One of the more popular non-traditional investment products being handled by today’s alternative asset managers are hedge funds, which are multi-populated, high-capital, high-yield, and low risk fund pools created by the partnering of one fund manager and several hedge fund investors.
Another would be the venture capital investments, which are cash infusions reserved for startups and early-stage companies in need of growth, strategy, and executive boosts.
Finally, private equity is an alternative investment category that refers to a pool of funds strung together via partnerships with private and public investors, with the purpose of buying stakes in struggling companies, improving the purchased companies’ stock, and selling the improved companies at a universally favorable profit.
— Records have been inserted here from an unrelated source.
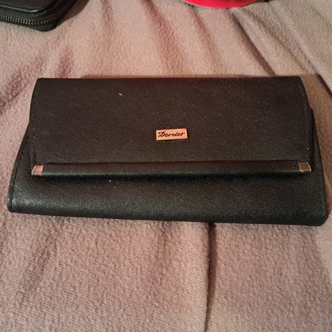 Damepung i ægte firben, mørkebrun med "guld" lås/kanter. To rum til mønter samt mindre rum mellem disse. L 15,5 x B 7 cm. Kan sendes for købers regning eller afhentes i 9230 Svenstrup eller 9492 Blokhus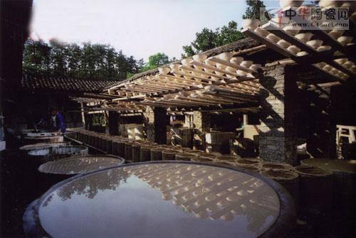 作坊建筑,由三棟或四棟穿逗式木架建筑繞內(nèi)院組合而成。全封閉,平面型猶如北方的三合院或四合院布局。這樣的布局,使作坊建筑內(nèi)部可以獲得良好的采光和通風(fēng)條件。作坊建筑主要由正間和廒間組成,正間是瓷器坯胎制作場所,依照瓷器坯胎制作程序按流水線型式作生產(chǎn)設(shè)施布局。與正間相對的廒間是原料儲存、加工粉碎的場所。正廒間之間相聯(lián)的邊屋,稱“披屋”,是冶煉瓷土并儲泥陳腐的場所,其上設(shè)置活動(dòng)的木架,用于晾曬瓷坯,故俗稱“曬架塘”。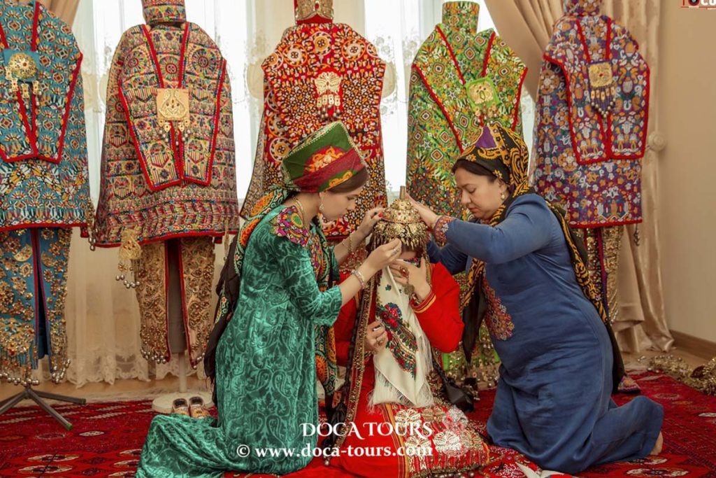 The day before the wedding, a ceremony called atgulak takes place in the groom’s house. The literal translation of the word Atgulak from Turkmen language means “horse ear”. Previously, these were scarves, now the gifts of the groom’s mother to her new relatives (the bride’s family), which are collected by the females of the family. In the courtyard, in big cauldrons, they cook traditional Turkmen dishes – pilaf, dograma, yarma, bake katlama, chelpek, and pisme.

While the benefits and advantages of owning and handling alternative assets of this nature include a fairly considerable degree of hedging or protection from market inflation, the ease and availability of investment diversification, a significant increase in exposures in opportunities – especially as compared to that observed in traditional investing, and least but not least, a respectable and often realized potential for more robust returns.
Still, this growing domain of alternative investments management can be quite challenging, as associated fees for operating non-traditional investment products tend to be higher, the products themselves tend to be more volatile than traditional investments, and many of these investments are illiquid, which means that investors have to wait longer before they can exit and divest accordingly.
This is where the support of asset servicing firms can make all the difference. With their commitment to speed, flexibility, accuracy, and integrity, some of these firms’ fund administration and support services gather, streamline, and interpret data, creating valuable, insight-rich analysis to guide alternative asset managers into making better, more effective decisions.
Specializing in the tedious day-to-day middle and back-office functions such as client service and investor relations, investor due diligence, fund accounting, benchmark and fund performance reporting, monthly Net Asset Value calculations, agency and regulatory compliance, and federal and state income tax return preparations, these asset servicing firms leave managers free to focus on strategy, strength of execution, and sustained viability in their non-traditional assets or alternative investments.